Records from a dataset

---*---

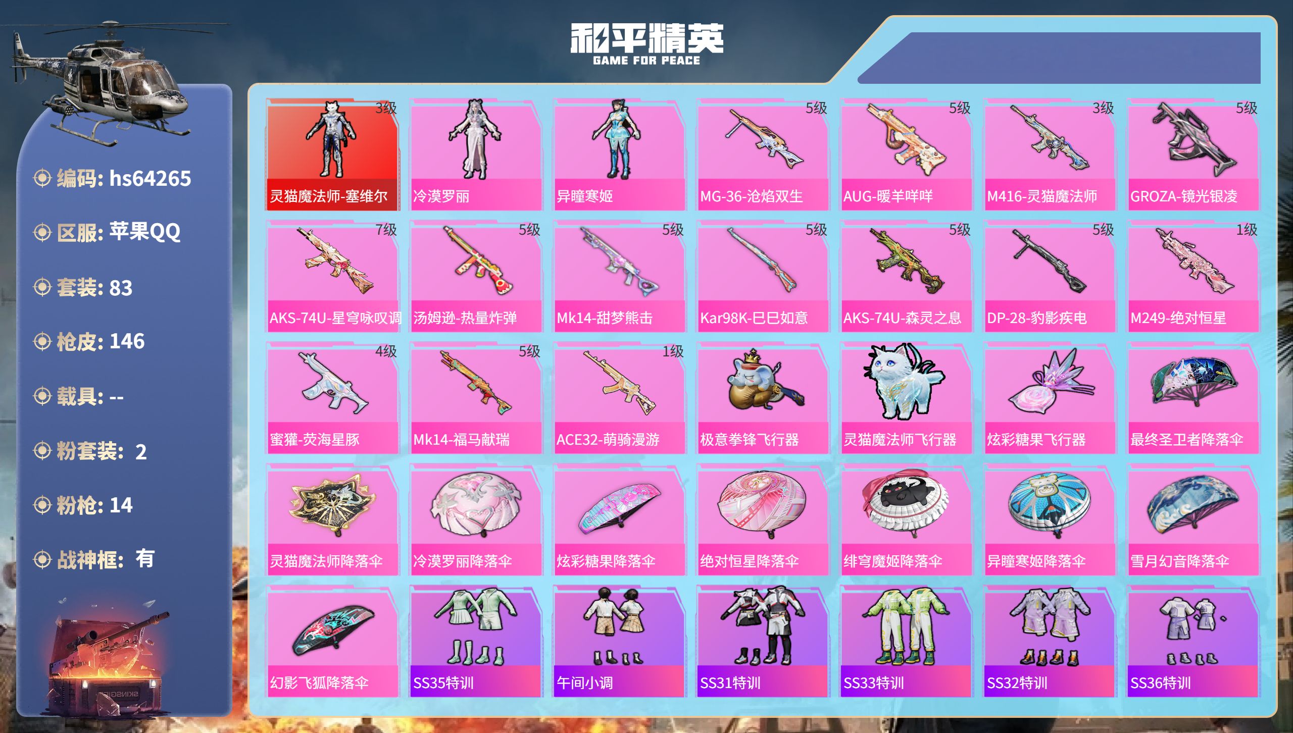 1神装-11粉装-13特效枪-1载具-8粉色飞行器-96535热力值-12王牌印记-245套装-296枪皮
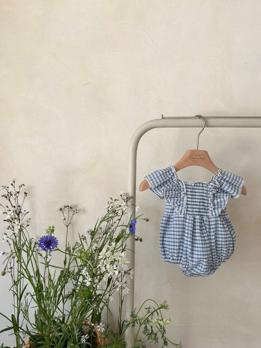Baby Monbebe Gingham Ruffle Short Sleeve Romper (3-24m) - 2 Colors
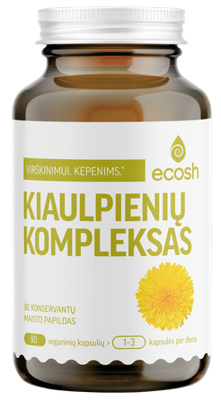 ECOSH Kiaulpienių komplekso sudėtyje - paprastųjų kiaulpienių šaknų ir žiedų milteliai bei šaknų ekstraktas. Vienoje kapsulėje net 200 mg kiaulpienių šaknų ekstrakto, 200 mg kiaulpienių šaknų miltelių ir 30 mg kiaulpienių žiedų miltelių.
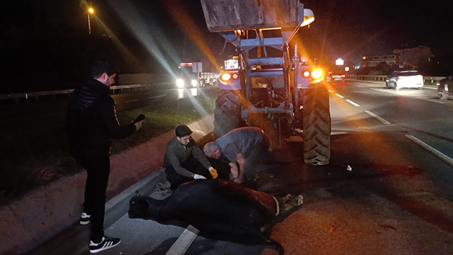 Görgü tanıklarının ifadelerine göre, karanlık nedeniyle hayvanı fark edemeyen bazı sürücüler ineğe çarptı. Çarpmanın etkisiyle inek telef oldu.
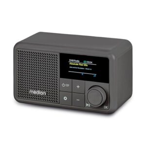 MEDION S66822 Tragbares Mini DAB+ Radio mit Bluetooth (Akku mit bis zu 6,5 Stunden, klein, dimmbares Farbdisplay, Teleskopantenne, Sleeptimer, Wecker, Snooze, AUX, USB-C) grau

---*---

Work required →
For this exercise, transcribe exactly the part of the records above that opens with the line containing "ECOSH Kiaulpienių komplekso" and closes with the one containing "Görgü tanıklarının ifadelerine". Pictures are not part of the copy.

Task solution →
 ECOSH Kiaulpienių komplekso sudėtyje - paprastųjų kiaulpienių šaknų ir žiedų milteliai bei šaknų ekstraktas. Vienoje kapsulėje net 200 mg kiaulpienių šaknų ekstrakto, 200 mg kiaulpienių šaknų miltelių ir 30 mg kiaulpienių žiedų miltelių.
 Görgü tanıklarının ifadelerine göre, karanlık nedeniyle hayvanı fark edemeyen bazı sürücüler ineğe çarptı. Çarpmanın etkisiyle inek telef oldu.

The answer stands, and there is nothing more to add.